The Moon and beyond: new section with data on the space economy – products Eurostat News

Over the past 10 years, there has been a growing interest in all things space-related. The space economy is now a hot topic among companies, citizens and governments, and covers many areas. From climate change monitoring support to safety and security mechanisms and the development of advanced digital and communications systems, the space economy plays an expanding role in today’s society.

Following this growing importance, the demand for reliable and timely statistics on the space economy also increased. To respond to this demand, Eurostat joined forces European Space Agency (ESA) and the European Commission’s Joint Research Center (JRC) to develop a thematic account of space economy activities in Europe.

Today, we are launching a new webpage on the European space economy themed account as part of our section on test statistics. This thematic account will provide consolidated statistics on key gross domestic product (GDP) indicators for the space economy, including output, gross value added (GVA), employment and greenhouse gas (GHG) emissions. These statistics are generated using a supply and use framework System of National Accounts (SNA 2008), allowing us to capture the direct, indirect and induced contribution of the space economy.

Following today’s webpage publication, Eurostat will publish its first results on the EU space economy on 15 December. These include data on exports and imports of spacecraft (including satellites) and launch vehicles. A paper detailing the methodology of the calculation published jointly with the JRC and ESA will be published on the same day.
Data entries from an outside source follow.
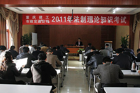 考试采用集中、限时、开卷的方式进行,共87人参加本次考试。其中该司8名领导及27名中层干部集中在该司总部会议室进行了考试,其余52名基层单位领导分别在施工现场自行设置考场完成了考试。考试内容涉及《重庆市突发事件预警信息发布管理办法》、《中华人民共和国道理交通安全法最新修正案》、《中华人民共和国刑法修正案(八)》、《重庆市食品安全管理办法》、《公共场所卫生管理条例实施细则》、《国家赔偿费管理条例》、《国有土地上房屋征收与补偿条例》、《重庆市国有土地上房屋征收与补偿办法(暂行)》、《水土保持法》、《人民调解法》等10部法律法规以及2011年7月1日起施行的《社会保险法》的相关内容。
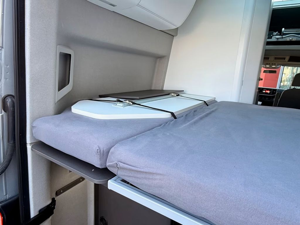 Doppelbett im Fahrzeugheck, in Querrichtung
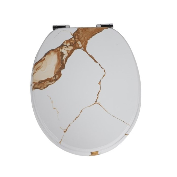 DECOSTRONG WC daska GJ-24 Calacatta Gold donosi elegantan i luksuzan izgled kupatilu zahvaljujući dekoru bijelog mramora sa zlatnim detaljima. Izrađena je od kvalitetnog i izdržljivog materijala koji osigurava dugotrajnu upotrebu i jednostavno održavanje. Stabilni metalni okovi omogućavaju sigurno pričvršćivanje, čineći je praktičnim i pouzdanim izborom za svako kupatilo. Materijal: MDF
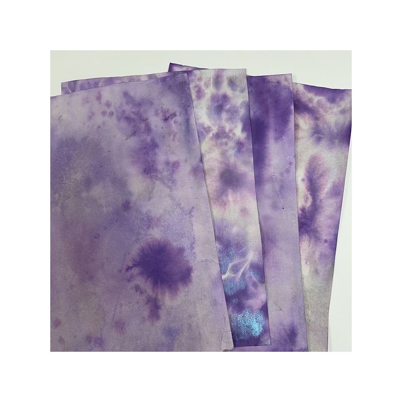Set de 4 papeles A4 teñidos en tonos lilas, cada página es diferente porque están teñidas manualmente y todas quedan diferentes....
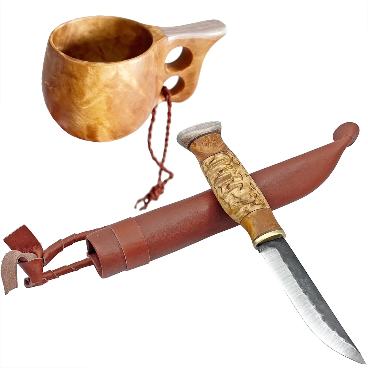 Exklusivt set för den friluftsintresserade! Setet innehåller en tvåhålskåsa av björkvril med renohorn som är perfekt att gravera ett namn på. Samt en mellanstor kniv med 9,5 cm långt knivblad i hamrat kolstål. Handtaget är tillverkat av masurbjörk, vril av vide och renhorn.
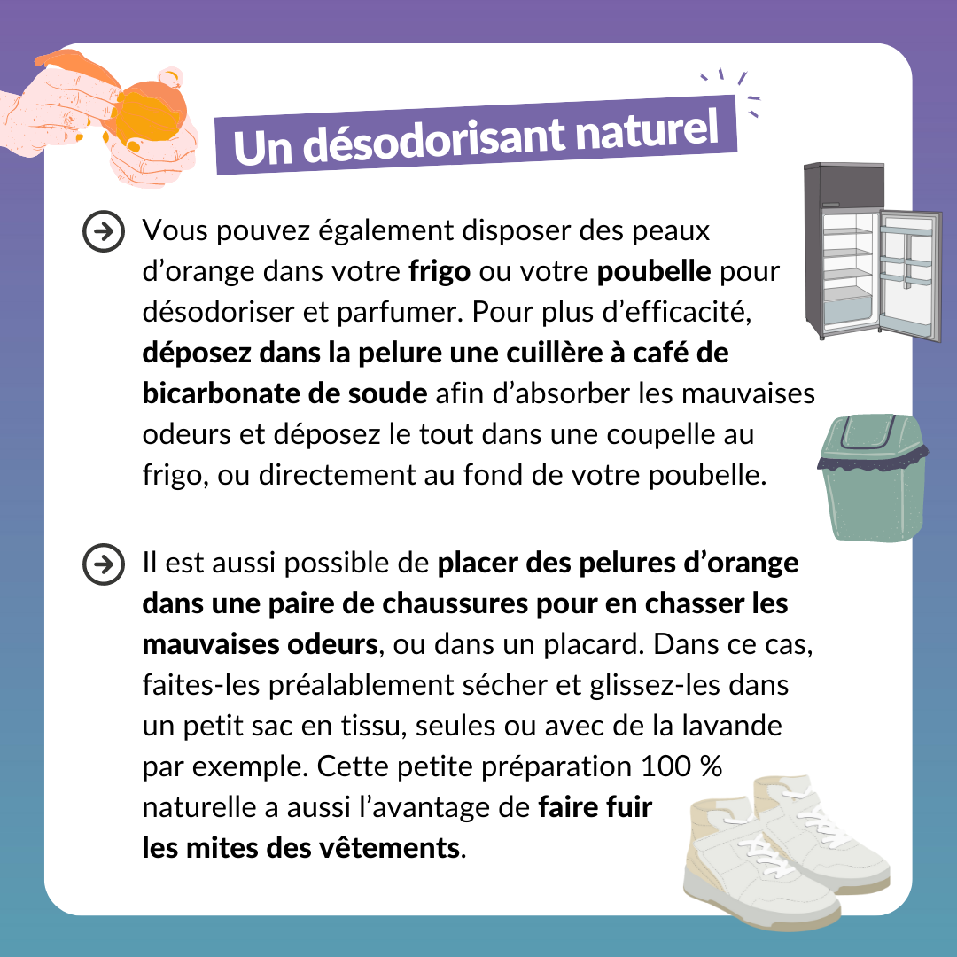 Vous pouvez également disposer des peaux d’orange dans votre frigo ou votre poubelle pour désodoriser et parfumer. Pour plus d’efficacité, déposez dans la pelure une cuillère à café de bicarbonate de soude afin d’absorber les mauvaises odeurs et déposez le tout dans une coupelle au frigo, ou directement au fond de votre poubelle.
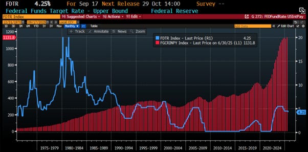 The White House keeps nudging the Fed to cut rates, even though the current backdrop screams for higher ones if the inflation mandate still means anything. But here’s the kicker: the Fed has about as much influence on government spending as a traffic cop has on a stampede. Interest payments will keep ballooning regardless, because at the end of the day, even zero rates can’t save you if Uncle Sam insists on spending like a drunken sailor with a stolen credit card.
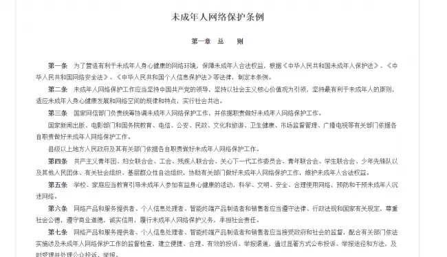 我国首部专门性的未成年人网络保护综合立法终于来了!上月底发布的《未成年人网络保护条例》旨在保障未成年人合法权益,为未成年人网络保护提供有力的法治保障。该条例将于明年1月1日起正式施行。
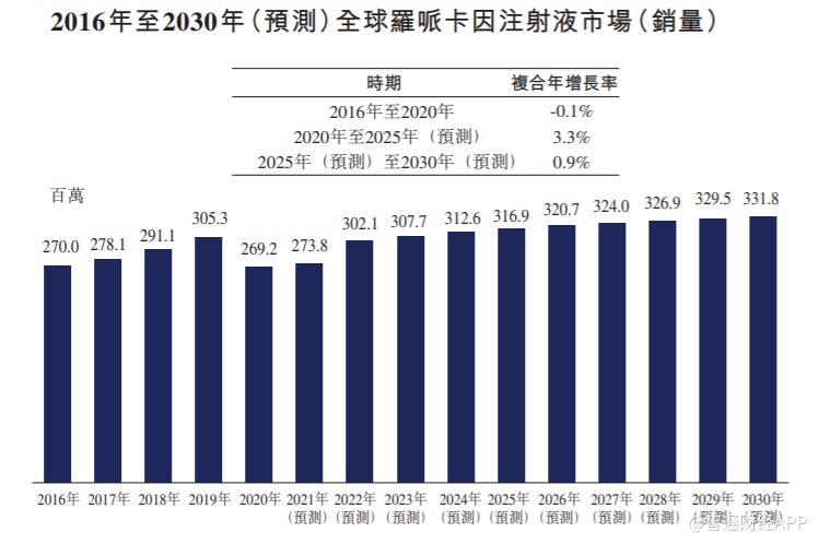 目前全球范围内获批准的罗哌卡因均为罗哌卡因注射液。2016年至2019年,全球罗哌卡因注射液市场规模(以销量计)由2.70亿稳步上升至3.05亿。并预计在2025年及2030年分别达到3.17亿及3.32亿。2020年至2025年的复合年增长率为3.3%,2025年至2030年的复合年增长率为0.9%。
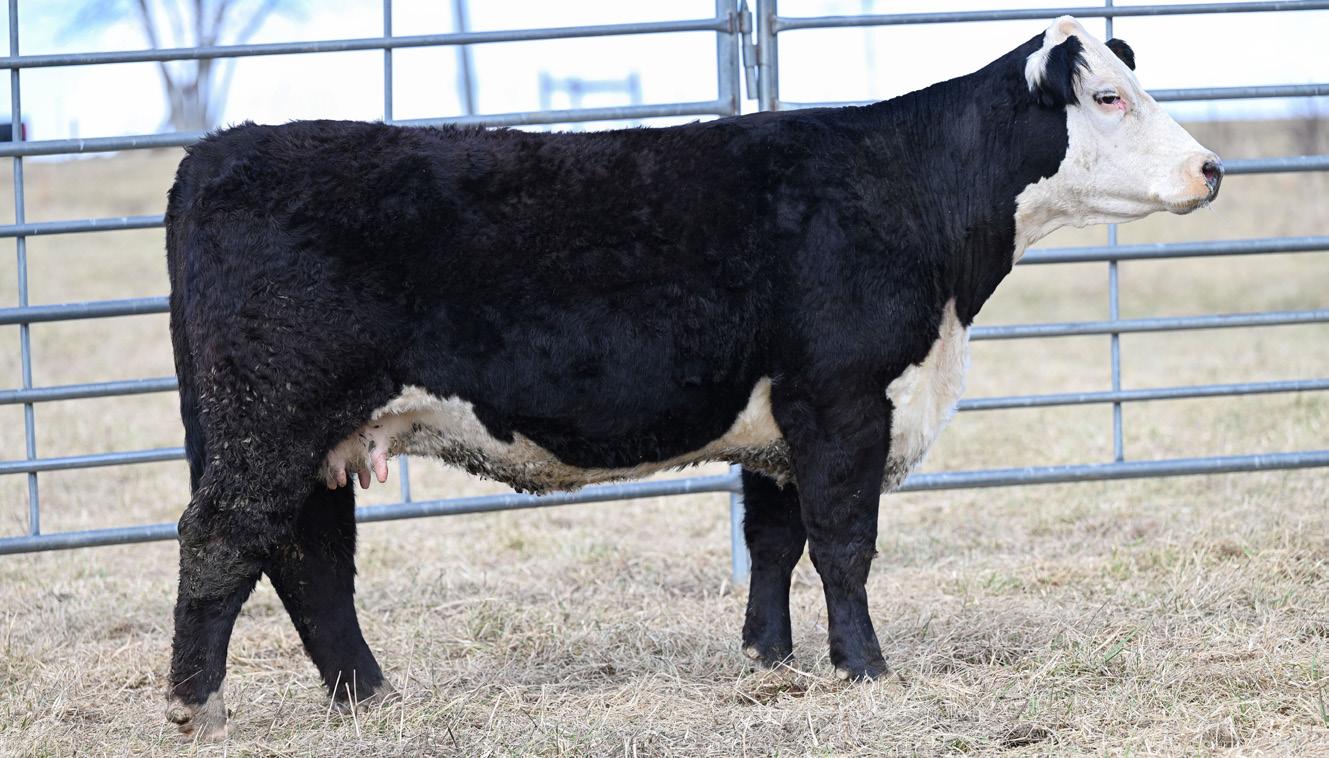 Check out pedigree behind this young cow. A high percentage Black Hereford that is bred to our herd bull that we are really excited about, SIMS FAST KASH 901 K78 ET ET. The service sire a total outcross in the breed, sired by the outstanding Hereford bull Fresh Prince and combined with the championship Black Hereford genetics of his dam, BLZ HALLE 6014 C31 901. This is one of the first two offerings from FAST KASH. Pasture exposed 12/5/24-1/23/25 for a fall 2025 calf.

On 15 December, ESA, JRC and Eurostat jointly published the report with the Organization for Economic Co-operation and Development (OECD) and the United States Bureau of Economic Analysis (BEA). Statistical Classifications for Space Economic Measurement” will be published. It will present for the first time a comprehensive list of comparable statistical indices to measure the space economy at the international, North American and European levels.